YOUR ASSIGNMENT:
Output every entry exactly as written, but omit the pictures.

Recorded data:
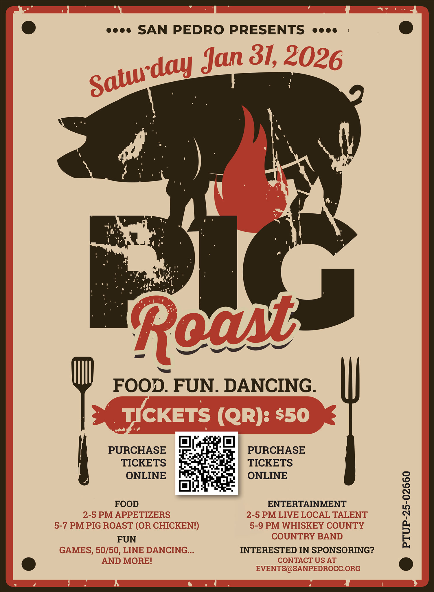 Join us for this event featuring great food, fun, and dancing. Appetizers will be served from 2–5 PM, followed by the pig (or chicken) roast from 5–7 PM. Enjoy games, line dancing, a 50/50 raffle, and live entertainment—including local talent from 2–5 PM and the Whiskey County Country Band from 5–9 PM. Tickets are $50 and can be purchased online using the button above. For sponsorship opportunities, contact events@sanpedrocc.org.
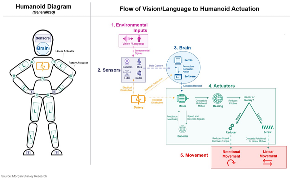 人型機器人是由五大模組組成:外在資訊(Inputs)→感知(Sensors)→ 理解(Brain)→ 動作執行(Actuators)→ 動作表現(Movement)。
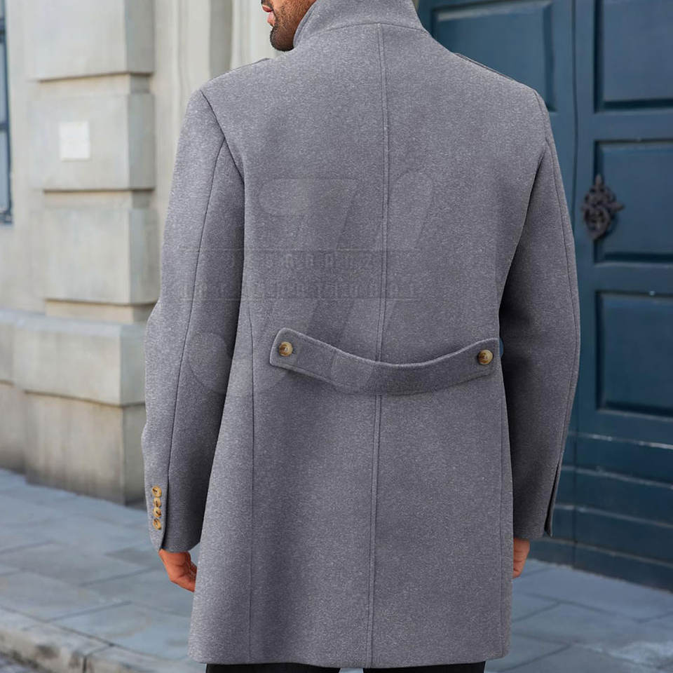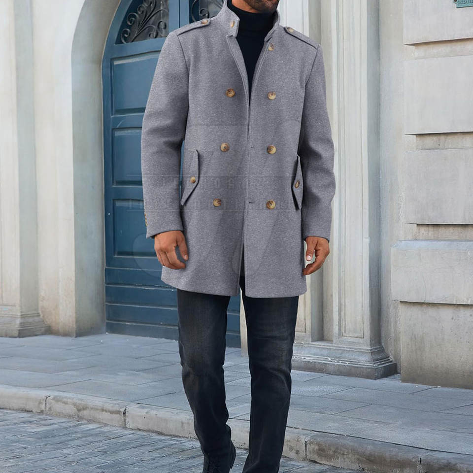 Abrigo largo con botones para hombres con acabado elegante y abrigo de invierno informal para hombres de longitud larga
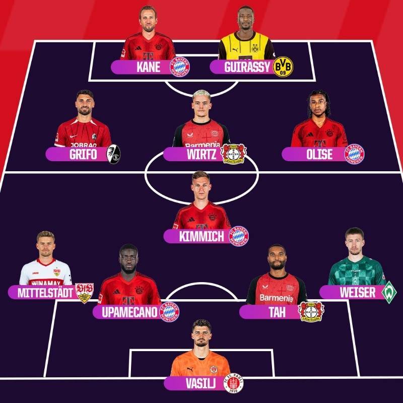 中场:基米希(拜仁)、维尔茨(勒沃库森)、奥利塞(拜仁)、格里福(弗赖堡)
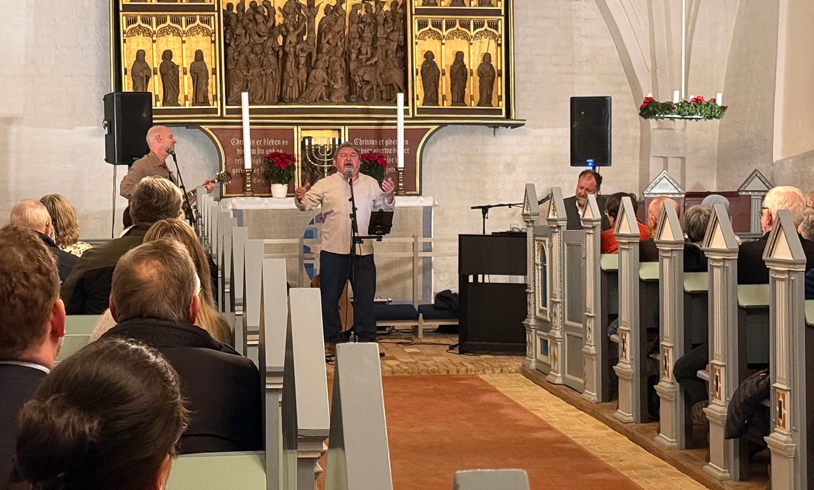 Kirken var fuld af lys og forventning, da sognepræst André Friis Møller bød velkommen til den grønlandske sanger og hans to musikere Kristoffer Jul og “vores egen” Simon Krebs.
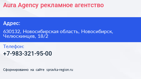 Aura Agency, рекламное агентство по адресу 630132, Новосибирская область, Новосибирск, Челюскинцев, 18/2 в дальнейшем Организация, размещена в следующих категориях:
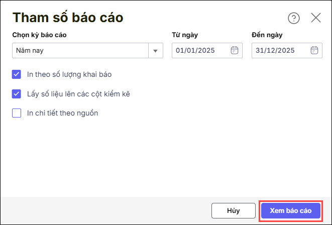 Bước 2: Khai báo các tham số trên báo cáo Báo cáo kiểm kê tài sản cố định hoặc Biên bản kiểm kê TSCĐ
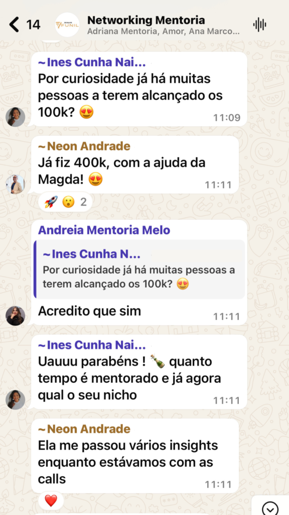 “Aqui sinto que não é só mais uma mentoria, sinto que tenho ajuda e apoio necessário de forma prática e simples. As suas chineladas são as melhores para te colocar no eixo.”“
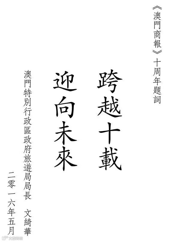 澳門特別行政區政府旅遊局局長文綺華题词
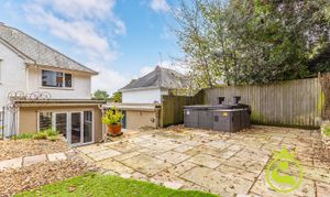 The rear garden is on two levels and has been landscaped to provide various seating areas together with lawn areas and raised flower bed borders. The garden is almost completely secluded due to mature trees and has a hard standing area at the top of the garden which can be utilised for the storage of a boat/canoe/wood (this can also be accessed via Cherry Close). There is a double length garage and driveway which provides off road parking for several cars/vehicles/boat/motor home.
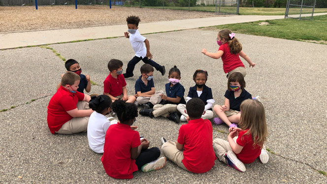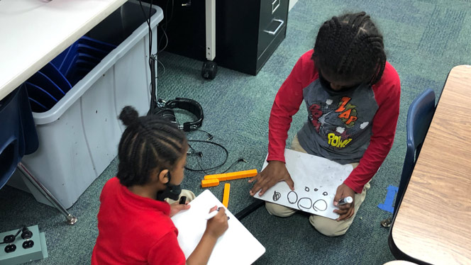 She believes cultivating these relationships between students starts on day one. She works with her class to learn about each other, their families, and what they like to do; a model that sticks throughout the year by sharing good news. Each child has the opportunity to share with a friend or with the class. Games are also used to build momentum with their interactions, and she purposefully mixes up groups and seating arrangements, so each student has time to meet new friends.
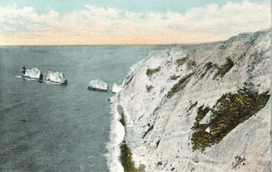 The Needles.-When walking on the Downs from freshwater to the Needles, following the path by the military fence, this picture of the Needles comes suddenly into view, and is a very impressive sight. The Needles themselves are stacks of upper chalk, with flints, and are the remains of an extension of the chalk. The cliffs here are about four hundred feet in height, and at their base the sea breaks frequently in a long surf line on the steep shingly shore. In calm weather visitors engage boatmen at Totland and Alum Bays to take them in boats through the Needles and land them in Scratchels Bay. |
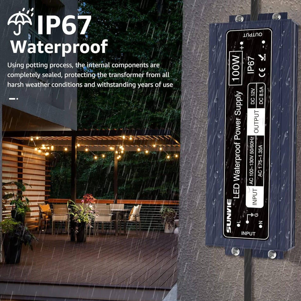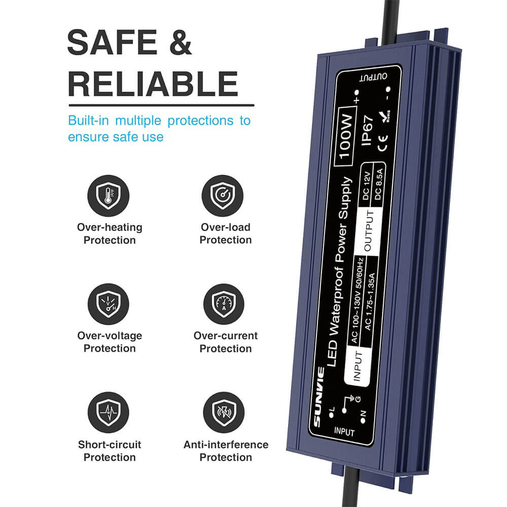 - High Safety: Automatic protection for short circuit, overload, over voltage, over current, over temperature. Aluminum housing for heat dissipation, waterproof IP67 for outdoor use. Automatic recovery post-fault.
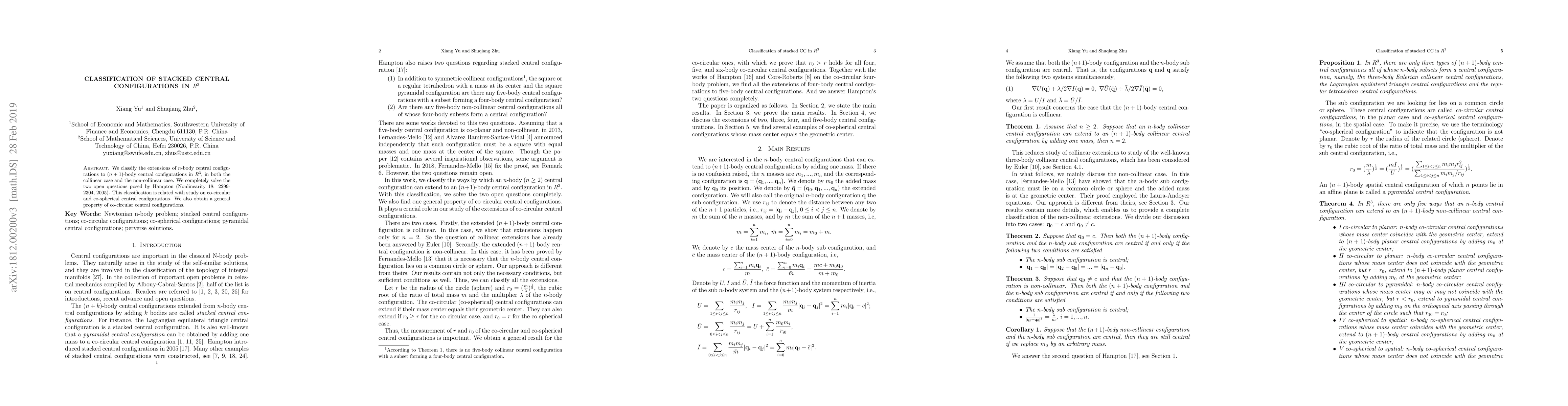 We classify the extensions of n-body central configurations to (n + 1)-body central configurations in R3, in both the collinear case and the non-collinear case. We completely solve the two open questions posed by Hampton (Nonlinearity 18: 2299- 2304, 2005). This classification is related with study on co-circular and co-spherical central configurations. We also obtain a general property of co-circular central configurations.

ANSWER SPACE:
 Join us for this event featuring great food, fun, and dancing. Appetizers will be served from 2–5 PM, followed by the pig (or chicken) roast from 5–7 PM. Enjoy games, line dancing, a 50/50 raffle, and live entertainment—including local talent from 2–5 PM and the Whiskey County Country Band from 5–9 PM. Tickets are $50 and can be purchased online using the button above. For sponsorship opportunities, contact events@sanpedrocc.org.
 人型機器人是由五大模組組成:外在資訊(Inputs)→感知(Sensors)→ 理解(Brain)→ 動作執行(Actuators)→ 動作表現(Movement)。
 Abrigo largo con botones para hombres con acabado elegante y abrigo de invierno informal para hombres de longitud larga
 中场:基米希(拜仁)、维尔茨(勒沃库森)、奥利塞(拜仁)、格里福(弗赖堡)
 Kirken var fuld af lys og forventning, da sognepræst André Friis Møller bød velkommen til den grønlandske sanger og hans to musikere Kristoffer Jul og “vores egen” Simon Krebs.
 Aura Agency, рекламное агентство по адресу 630132, Новосибирская область, Новосибирск, Челюскинцев, 18/2 в дальнейшем Организация, размещена в следующих категориях:
 Bước 2: Khai báo các tham số trên báo cáo Báo cáo kiểm kê tài sản cố định hoặc Biên bản kiểm kê TSCĐ
 “Aqui sinto que não é só mais uma mentoria, sinto que tenho ajuda e apoio necessário de forma prática e simples. As suas chineladas são as melhores para te colocar no eixo.”“
 澳門特別行政區政府旅遊局局長文綺華题词
 The rear garden is on two levels and has been landscaped to provide various seating areas together with lawn areas and raised flower bed borders. The garden is almost completely secluded due to mature trees and has a hard standing area at the top of the garden which can be utilised for the storage of a boat/canoe/wood (this can also be accessed via Cherry Close). There is a double length garage and driveway which provides off road parking for several cars/vehicles/boat/motor home.
 She believes cultivating these relationships between students starts on day one. She works with her class to learn about each other, their families, and what they like to do; a model that sticks throughout the year by sharing good news. Each child has the opportunity to share with a friend or with the class. Games are also used to build momentum with their interactions, and she purposefully mixes up groups and seating arrangements, so each student has time to meet new friends.
 The Needles.-When walking on the Downs from freshwater to the Needles, following the path by the military fence, this picture of the Needles comes suddenly into view, and is a very impressive sight. The Needles themselves are stacks of upper chalk, with flints, and are the remains of an extension of the chalk. The cliffs here are about four hundred feet in height, and at their base the sea breaks frequently in a long surf line on the steep shingly shore. In calm weather visitors engage boatmen at Totland and Alum Bays to take them in boats through the Needles and land them in Scratchels Bay. |
 - High Safety: Automatic protection for short circuit, overload, over voltage, over current, over temperature. Aluminum housing for heat dissipation, waterproof IP67 for outdoor use. Automatic recovery post-fault.
 We classify the extensions of n-body central configurations to (n + 1)-body central configurations in R3, in both the collinear case and the non-collinear case. We completely solve the two open questions posed by Hampton (Nonlinearity 18: 2299- 2304, 2005). This classification is related with study on co-circular and co-spherical central configurations. We also obtain a general property of co-circular central configurations.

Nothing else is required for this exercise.